Segment Open
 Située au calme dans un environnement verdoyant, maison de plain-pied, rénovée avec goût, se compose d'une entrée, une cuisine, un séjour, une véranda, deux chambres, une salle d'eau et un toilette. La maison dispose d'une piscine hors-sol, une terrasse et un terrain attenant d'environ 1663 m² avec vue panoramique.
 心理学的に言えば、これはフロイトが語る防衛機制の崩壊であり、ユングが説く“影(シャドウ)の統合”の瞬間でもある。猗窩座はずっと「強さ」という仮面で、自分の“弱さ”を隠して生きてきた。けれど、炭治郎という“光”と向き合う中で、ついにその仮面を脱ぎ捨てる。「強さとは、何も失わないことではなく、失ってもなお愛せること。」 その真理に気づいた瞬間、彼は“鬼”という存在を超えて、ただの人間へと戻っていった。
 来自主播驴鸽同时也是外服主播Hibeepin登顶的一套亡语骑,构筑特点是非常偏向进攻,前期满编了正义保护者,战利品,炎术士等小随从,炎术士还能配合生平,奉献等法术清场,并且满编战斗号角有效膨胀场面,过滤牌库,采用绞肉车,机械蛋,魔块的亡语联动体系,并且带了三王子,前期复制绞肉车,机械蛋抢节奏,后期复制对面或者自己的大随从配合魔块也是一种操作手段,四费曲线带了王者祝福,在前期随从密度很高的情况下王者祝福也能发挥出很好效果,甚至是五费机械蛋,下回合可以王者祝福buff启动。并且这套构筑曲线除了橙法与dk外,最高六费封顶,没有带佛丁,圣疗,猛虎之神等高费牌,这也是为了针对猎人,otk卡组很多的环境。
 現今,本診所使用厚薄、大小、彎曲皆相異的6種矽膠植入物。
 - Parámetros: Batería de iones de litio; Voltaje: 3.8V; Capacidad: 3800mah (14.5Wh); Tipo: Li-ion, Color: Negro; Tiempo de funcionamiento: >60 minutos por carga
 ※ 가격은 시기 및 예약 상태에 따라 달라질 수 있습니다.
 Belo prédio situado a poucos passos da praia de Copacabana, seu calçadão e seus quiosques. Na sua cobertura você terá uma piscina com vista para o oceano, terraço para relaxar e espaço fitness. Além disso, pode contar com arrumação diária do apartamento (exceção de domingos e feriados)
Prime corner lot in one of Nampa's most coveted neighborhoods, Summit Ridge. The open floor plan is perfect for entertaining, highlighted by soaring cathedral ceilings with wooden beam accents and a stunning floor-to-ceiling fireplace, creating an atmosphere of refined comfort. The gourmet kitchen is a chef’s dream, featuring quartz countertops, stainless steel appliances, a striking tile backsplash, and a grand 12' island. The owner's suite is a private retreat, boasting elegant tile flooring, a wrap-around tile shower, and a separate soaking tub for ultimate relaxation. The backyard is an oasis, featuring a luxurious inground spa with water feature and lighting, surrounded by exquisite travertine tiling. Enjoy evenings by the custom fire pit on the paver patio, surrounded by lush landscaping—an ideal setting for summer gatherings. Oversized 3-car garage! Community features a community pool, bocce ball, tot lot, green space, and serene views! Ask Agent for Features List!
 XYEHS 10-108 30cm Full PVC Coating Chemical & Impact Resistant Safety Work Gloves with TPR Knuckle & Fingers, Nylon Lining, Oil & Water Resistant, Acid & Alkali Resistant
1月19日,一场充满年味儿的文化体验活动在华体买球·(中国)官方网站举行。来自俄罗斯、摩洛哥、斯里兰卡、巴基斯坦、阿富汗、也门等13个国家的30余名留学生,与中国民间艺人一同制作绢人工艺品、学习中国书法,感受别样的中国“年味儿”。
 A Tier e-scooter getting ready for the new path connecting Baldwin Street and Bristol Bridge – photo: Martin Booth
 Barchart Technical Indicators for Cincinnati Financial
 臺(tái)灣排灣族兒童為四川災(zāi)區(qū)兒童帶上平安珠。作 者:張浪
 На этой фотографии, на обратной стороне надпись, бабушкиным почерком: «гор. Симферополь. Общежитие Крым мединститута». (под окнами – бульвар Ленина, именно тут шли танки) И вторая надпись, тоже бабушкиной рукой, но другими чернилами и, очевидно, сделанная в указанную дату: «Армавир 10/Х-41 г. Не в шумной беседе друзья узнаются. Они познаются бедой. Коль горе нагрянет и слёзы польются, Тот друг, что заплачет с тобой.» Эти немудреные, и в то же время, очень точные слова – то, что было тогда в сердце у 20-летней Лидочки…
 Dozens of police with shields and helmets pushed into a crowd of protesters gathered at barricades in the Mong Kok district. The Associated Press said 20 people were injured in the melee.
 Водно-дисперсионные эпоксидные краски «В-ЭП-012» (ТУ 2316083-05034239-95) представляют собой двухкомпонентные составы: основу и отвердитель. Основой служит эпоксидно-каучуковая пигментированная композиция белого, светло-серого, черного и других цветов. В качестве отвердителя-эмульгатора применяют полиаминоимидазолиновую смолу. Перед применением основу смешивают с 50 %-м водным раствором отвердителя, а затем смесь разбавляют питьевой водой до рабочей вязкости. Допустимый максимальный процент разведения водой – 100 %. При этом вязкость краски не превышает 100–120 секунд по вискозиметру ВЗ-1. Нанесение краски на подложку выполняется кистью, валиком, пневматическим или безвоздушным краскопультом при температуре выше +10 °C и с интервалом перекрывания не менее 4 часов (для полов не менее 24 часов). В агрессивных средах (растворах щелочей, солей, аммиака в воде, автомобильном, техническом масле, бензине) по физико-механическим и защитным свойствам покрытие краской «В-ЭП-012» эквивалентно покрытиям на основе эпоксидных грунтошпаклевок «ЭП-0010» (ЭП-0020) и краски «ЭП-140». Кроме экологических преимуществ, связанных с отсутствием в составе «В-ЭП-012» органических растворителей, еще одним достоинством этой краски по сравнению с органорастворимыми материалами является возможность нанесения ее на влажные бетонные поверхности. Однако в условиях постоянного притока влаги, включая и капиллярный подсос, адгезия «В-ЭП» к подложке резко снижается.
Segment Closed
-- EXERCISE DESCRIPTION --
Your answer should be the exact lines above from the one with "A Tier e-scooter" through the one with "臺(tái)灣排灣族兒童為四", both included, and nothing besides.

-- TASK SOLUTION --
 A Tier e-scooter getting ready for the new path connecting Baldwin Street and Bristol Bridge – photo: Martin Booth
 Barchart Technical Indicators for Cincinnati Financial
 臺(tái)灣排灣族兒童為四川災(zāi)區(qū)兒童帶上平安珠。作 者:張浪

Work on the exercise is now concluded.